(Stored data)
- - - - -

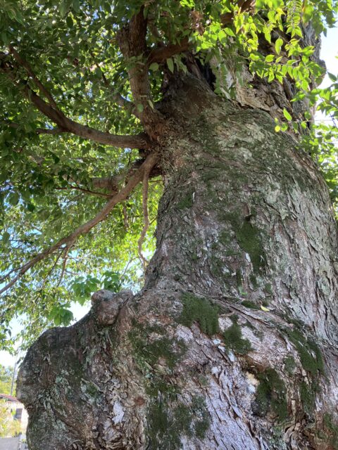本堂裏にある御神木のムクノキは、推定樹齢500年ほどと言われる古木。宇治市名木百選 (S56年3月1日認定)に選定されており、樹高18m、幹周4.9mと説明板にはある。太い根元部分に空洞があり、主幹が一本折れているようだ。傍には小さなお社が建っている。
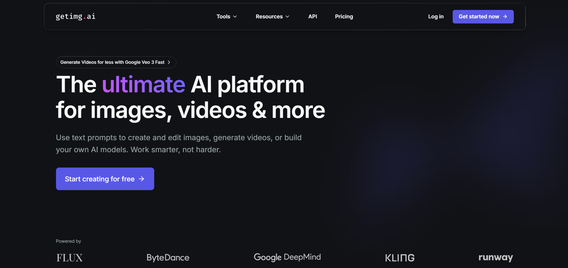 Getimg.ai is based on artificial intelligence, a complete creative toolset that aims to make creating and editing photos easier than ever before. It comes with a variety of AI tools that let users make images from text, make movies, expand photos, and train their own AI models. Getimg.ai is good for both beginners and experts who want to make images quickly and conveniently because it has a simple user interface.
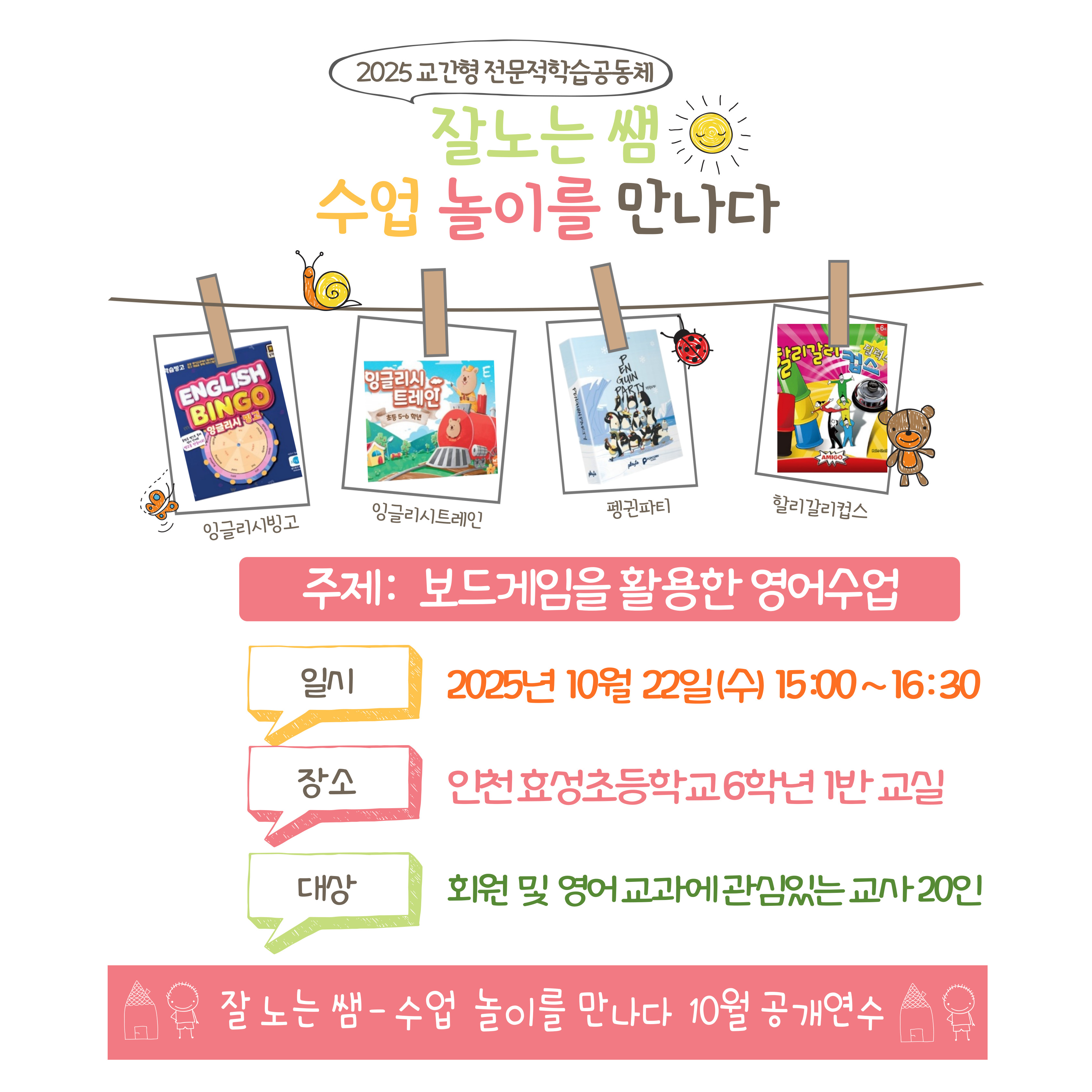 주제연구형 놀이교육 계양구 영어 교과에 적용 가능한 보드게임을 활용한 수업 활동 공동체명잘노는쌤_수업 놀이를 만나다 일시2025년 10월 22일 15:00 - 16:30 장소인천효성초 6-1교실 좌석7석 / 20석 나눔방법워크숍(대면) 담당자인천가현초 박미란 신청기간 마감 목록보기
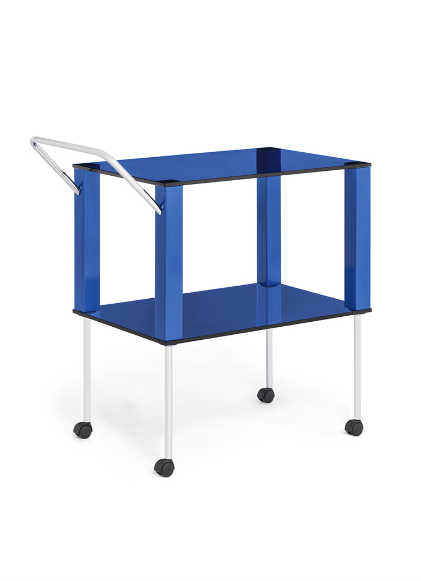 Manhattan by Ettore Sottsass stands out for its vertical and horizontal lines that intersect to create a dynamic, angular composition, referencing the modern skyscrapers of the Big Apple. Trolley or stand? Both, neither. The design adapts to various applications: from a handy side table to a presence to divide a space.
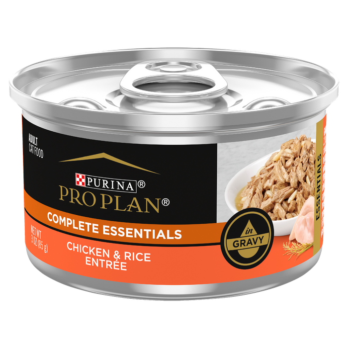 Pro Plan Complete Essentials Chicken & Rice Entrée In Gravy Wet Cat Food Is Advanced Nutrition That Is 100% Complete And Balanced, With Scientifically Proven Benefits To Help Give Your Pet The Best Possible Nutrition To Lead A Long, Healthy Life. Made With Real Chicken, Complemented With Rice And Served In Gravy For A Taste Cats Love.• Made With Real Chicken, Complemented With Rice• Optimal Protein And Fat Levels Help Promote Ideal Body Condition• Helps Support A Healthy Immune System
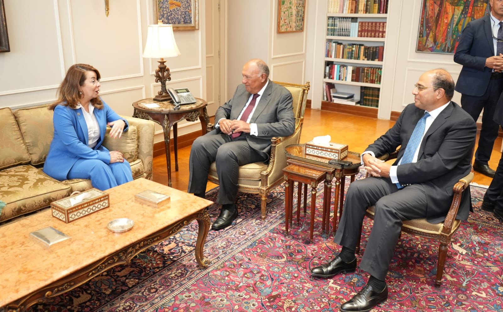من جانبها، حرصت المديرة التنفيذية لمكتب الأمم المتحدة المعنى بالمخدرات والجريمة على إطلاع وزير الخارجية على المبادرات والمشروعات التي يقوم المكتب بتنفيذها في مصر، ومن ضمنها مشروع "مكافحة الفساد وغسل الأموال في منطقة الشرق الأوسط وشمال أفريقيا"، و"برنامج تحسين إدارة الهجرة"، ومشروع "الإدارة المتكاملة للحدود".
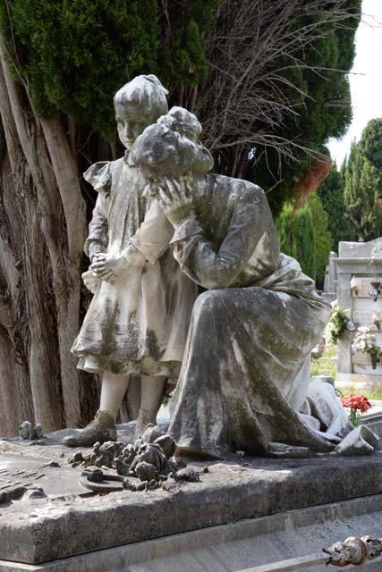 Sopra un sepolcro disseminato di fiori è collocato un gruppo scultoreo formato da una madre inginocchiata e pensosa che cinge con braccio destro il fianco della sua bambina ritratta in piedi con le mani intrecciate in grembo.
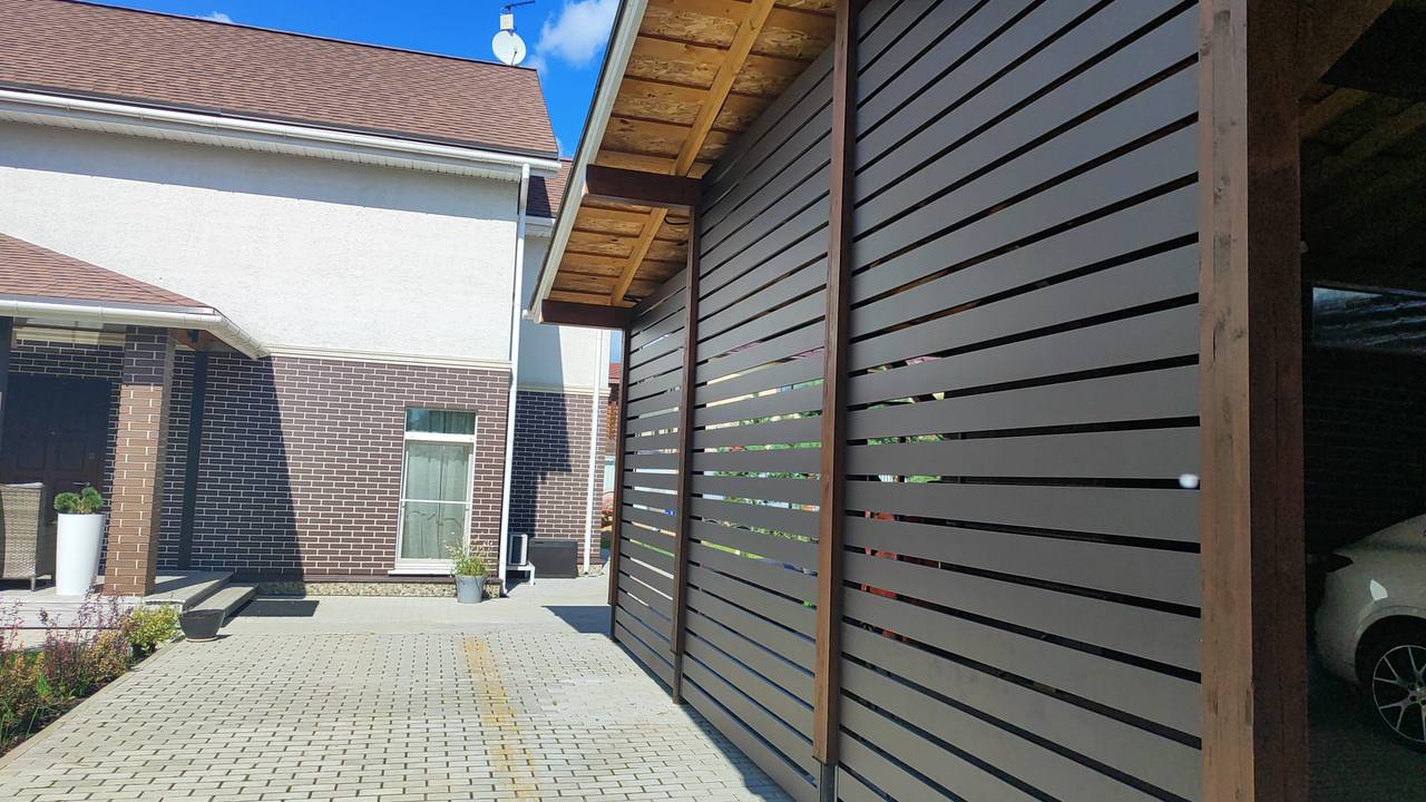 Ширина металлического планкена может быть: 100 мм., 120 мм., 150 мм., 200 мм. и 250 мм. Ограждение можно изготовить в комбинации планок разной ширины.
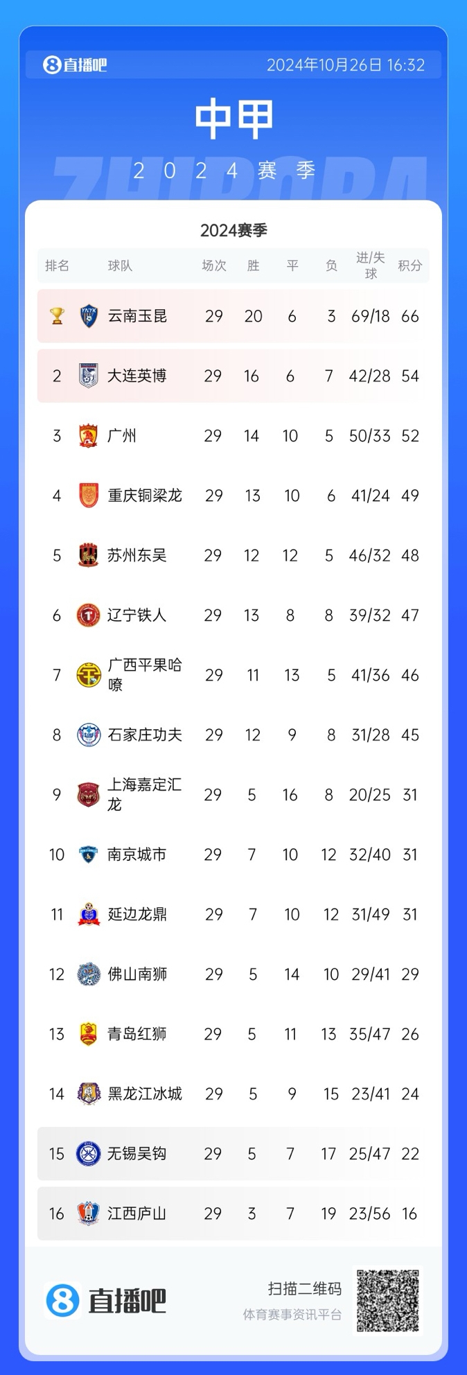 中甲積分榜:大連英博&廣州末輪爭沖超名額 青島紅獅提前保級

- - - - -

#### Directions for this task
Your copy should match the data above exactly, apart from the pictures.

#### Task output
本堂裏にある御神木のムクノキは、推定樹齢500年ほどと言われる古木。宇治市名木百選 (S56年3月1日認定)に選定されており、樹高18m、幹周4.9mと説明板にはある。太い根元部分に空洞があり、主幹が一本折れているようだ。傍には小さなお社が建っている。
 Getimg.ai is based on artificial intelligence, a complete creative toolset that aims to make creating and editing photos easier than ever before. It comes with a variety of AI tools that let users make images from text, make movies, expand photos, and train their own AI models. Getimg.ai is good for both beginners and experts who want to make images quickly and conveniently because it has a simple user interface.
 주제연구형 놀이교육 계양구 영어 교과에 적용 가능한 보드게임을 활용한 수업 활동 공동체명잘노는쌤_수업 놀이를 만나다 일시2025년 10월 22일 15:00 - 16:30 장소인천효성초 6-1교실 좌석7석 / 20석 나눔방법워크숍(대면) 담당자인천가현초 박미란 신청기간 마감 목록보기
 Manhattan by Ettore Sottsass stands out for its vertical and horizontal lines that intersect to create a dynamic, angular composition, referencing the modern skyscrapers of the Big Apple. Trolley or stand? Both, neither. The design adapts to various applications: from a handy side table to a presence to divide a space.
 Pro Plan Complete Essentials Chicken & Rice Entrée In Gravy Wet Cat Food Is Advanced Nutrition That Is 100% Complete And Balanced, With Scientifically Proven Benefits To Help Give Your Pet The Best Possible Nutrition To Lead A Long, Healthy Life. Made With Real Chicken, Complemented With Rice And Served In Gravy For A Taste Cats Love.• Made With Real Chicken, Complemented With Rice• Optimal Protein And Fat Levels Help Promote Ideal Body Condition• Helps Support A Healthy Immune System
من جانبها، حرصت المديرة التنفيذية لمكتب الأمم المتحدة المعنى بالمخدرات والجريمة على إطلاع وزير الخارجية على المبادرات والمشروعات التي يقوم المكتب بتنفيذها في مصر، ومن ضمنها مشروع "مكافحة الفساد وغسل الأموال في منطقة الشرق الأوسط وشمال أفريقيا"، و"برنامج تحسين إدارة الهجرة"، ومشروع "الإدارة المتكاملة للحدود".
 Sopra un sepolcro disseminato di fiori è collocato un gruppo scultoreo formato da una madre inginocchiata e pensosa che cinge con braccio destro il fianco della sua bambina ritratta in piedi con le mani intrecciate in grembo.
 Ширина металлического планкена может быть: 100 мм., 120 мм., 150 мм., 200 мм. и 250 мм. Ограждение можно изготовить в комбинации планок разной ширины.
 中甲積分榜:大連英博&廣州末輪爭沖超名額 青島紅獅提前保級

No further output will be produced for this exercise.